For those of us who love to cook and eat, there are few greater pleasures than doing those things outside. We wait all winter to pick blueberries by the bushel, share sticky watermelon slices and wait out the rain under beach umbrellas eating cold seedless grapes.
This summer will most likely look different. But we can still cook and bake as if this were the season to savor.
If you do make it to the farmers’ market or venture out to your local farm stand, rejoice! And reserve your precious fresh fruit for eating out of hand. Let the juice drip down your arms, and pitch the pits out the window. Eat every last berry before the car’s parked in the driveway.
Now’s the time to put frozen fruit to work.
There are so many reasons to love it: Frozen berries, peaches and cherries (mango and pineapple, too) offer a taste of summer whenever you want, no matter the season or the circumstances.

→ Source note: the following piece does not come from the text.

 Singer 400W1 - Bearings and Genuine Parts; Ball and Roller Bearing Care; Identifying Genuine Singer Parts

It’s picked at its peak and frozen A.S.A.P., so the flavor is always at its best. Larger fruits are presliced, so they require minimal prep. It holds its shape when folded into cakes, and it doesn’t cave under the pressure of gentle kneading. It also keeps dough cold, which is especially helpful when working with biscuit and scone doughs or buttery, flaky pastry.

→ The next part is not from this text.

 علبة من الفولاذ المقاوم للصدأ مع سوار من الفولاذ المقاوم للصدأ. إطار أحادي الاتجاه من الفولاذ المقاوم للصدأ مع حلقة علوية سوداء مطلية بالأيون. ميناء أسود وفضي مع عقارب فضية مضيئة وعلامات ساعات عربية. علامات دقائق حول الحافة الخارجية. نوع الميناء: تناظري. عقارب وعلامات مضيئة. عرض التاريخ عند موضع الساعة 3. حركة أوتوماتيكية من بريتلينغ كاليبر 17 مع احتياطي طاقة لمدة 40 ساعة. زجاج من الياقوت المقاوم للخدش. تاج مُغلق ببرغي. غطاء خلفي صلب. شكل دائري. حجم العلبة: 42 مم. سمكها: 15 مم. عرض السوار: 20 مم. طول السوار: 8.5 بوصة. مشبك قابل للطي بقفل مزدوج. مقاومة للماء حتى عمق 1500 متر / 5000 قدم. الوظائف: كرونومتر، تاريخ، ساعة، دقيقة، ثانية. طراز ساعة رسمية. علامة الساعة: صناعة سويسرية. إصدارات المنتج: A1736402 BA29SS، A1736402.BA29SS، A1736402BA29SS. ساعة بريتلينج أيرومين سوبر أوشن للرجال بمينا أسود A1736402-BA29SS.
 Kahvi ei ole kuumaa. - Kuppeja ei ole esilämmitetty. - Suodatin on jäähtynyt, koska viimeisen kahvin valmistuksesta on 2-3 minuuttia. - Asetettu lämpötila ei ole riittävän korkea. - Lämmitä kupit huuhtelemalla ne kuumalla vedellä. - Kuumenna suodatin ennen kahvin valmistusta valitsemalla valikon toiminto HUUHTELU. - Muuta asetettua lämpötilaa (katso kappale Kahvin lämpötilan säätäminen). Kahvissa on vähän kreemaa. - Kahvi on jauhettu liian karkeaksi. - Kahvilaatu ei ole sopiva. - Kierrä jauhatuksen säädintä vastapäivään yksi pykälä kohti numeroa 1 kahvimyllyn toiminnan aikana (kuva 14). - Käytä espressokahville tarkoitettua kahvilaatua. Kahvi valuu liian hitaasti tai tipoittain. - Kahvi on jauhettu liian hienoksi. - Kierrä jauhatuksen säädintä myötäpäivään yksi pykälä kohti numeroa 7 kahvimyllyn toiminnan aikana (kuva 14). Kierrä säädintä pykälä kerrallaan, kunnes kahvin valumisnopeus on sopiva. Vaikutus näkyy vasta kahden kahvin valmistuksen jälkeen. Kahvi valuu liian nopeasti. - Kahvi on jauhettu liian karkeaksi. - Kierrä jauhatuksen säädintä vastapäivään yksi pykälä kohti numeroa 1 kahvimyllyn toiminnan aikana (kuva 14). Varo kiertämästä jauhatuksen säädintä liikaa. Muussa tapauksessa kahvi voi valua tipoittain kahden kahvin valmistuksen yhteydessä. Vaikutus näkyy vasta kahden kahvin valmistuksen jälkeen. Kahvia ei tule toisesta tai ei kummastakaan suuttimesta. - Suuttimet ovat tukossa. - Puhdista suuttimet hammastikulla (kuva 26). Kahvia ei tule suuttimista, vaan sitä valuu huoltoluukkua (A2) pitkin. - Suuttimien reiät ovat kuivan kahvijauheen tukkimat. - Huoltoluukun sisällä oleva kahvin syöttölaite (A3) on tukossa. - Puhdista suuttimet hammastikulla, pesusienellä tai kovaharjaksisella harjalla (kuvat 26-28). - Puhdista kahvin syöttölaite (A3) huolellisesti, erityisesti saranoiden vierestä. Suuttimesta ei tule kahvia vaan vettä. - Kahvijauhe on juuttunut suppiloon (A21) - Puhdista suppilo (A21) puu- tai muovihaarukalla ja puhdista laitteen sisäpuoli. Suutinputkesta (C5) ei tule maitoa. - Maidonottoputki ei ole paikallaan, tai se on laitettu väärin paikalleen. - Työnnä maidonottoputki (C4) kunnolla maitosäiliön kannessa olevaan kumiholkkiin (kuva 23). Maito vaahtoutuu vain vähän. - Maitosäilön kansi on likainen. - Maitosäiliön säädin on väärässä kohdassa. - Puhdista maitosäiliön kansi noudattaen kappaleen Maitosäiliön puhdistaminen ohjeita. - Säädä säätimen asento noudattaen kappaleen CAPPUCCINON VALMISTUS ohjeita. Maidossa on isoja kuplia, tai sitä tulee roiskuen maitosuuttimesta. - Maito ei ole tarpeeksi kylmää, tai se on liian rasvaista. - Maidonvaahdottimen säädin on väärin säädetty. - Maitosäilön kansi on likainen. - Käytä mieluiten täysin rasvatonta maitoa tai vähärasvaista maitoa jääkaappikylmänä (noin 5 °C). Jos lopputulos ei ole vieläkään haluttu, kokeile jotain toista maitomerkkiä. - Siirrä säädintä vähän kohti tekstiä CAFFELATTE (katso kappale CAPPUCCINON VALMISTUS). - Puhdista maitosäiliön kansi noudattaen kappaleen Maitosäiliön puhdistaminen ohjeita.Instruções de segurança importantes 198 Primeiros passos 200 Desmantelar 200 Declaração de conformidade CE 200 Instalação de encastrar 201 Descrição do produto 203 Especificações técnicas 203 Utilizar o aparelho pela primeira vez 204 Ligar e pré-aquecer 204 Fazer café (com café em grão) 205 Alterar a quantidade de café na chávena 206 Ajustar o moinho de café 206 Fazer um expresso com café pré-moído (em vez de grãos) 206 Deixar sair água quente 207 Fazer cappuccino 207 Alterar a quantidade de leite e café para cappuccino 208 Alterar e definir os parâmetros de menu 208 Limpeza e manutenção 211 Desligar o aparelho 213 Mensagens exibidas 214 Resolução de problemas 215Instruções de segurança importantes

These three recipes can be made with whatever frozen fruit you find in stock at the supermarket or hiding under the hash browns in your freezer. The one-bowl buttermilk cake, with its silky stir-together batter, uses oil instead of softened butter, so the batter won’t seize when you add the cold fruit. (While buttermilk makes for a super tender cake, you can use whatever milk you have in the fridge.)
The scones are equally flexible. Cherries, peaches or berries work beautifully, and full-fat Greek yogurt can step in for the sour cream. A couple of things to mind: Quarter any big berries and chop sliced peaches before incorporating them, so you don’t have to wrangle them into your dough and overwork it in the process. As with any dough, use a light touch. Stop as soon as all the dry, floury bits are incorporated. And pat the dough together gently. A shaggy dough is a tender one and will almost always bind itself together in the oven. The wonky-looking ones usually taste best anyway.
Finally, for the highly nostalgic peanut butter bars, pick a fruit or a combination of fruits that most closely approximates your ideal PB&J. (The bars can also be made with 3/4 cup jam or jelly in place of the fruit.) Doneness can be a tad challenging to gauge since the dough is golden brown to begin with, so look for syrupy fruit that bubbles. It’ll set as it cools.
Stock your freezer with frozen fruit, and you’ll have a season’s worth of easy desserts to look forward to: Cook it down with sugar and a squeeze of lemon for an easy homemade jam. Combine it with butter, honey and a splash of vanilla, roast it until caramelized and serve it over split biscuits. Toss it with sugar and a little cornstarch, then top it with biscuits or streusel for a quick cobbler or crumble. Fold it into muffin batter, drop it onto pancakes and definitely make a blueberry pie.
All three of these recipes, once cooled, travel quite well. We may not be going very far, but we’ll probably need a snack. And who knows? We might just find something, anything, to celebrate.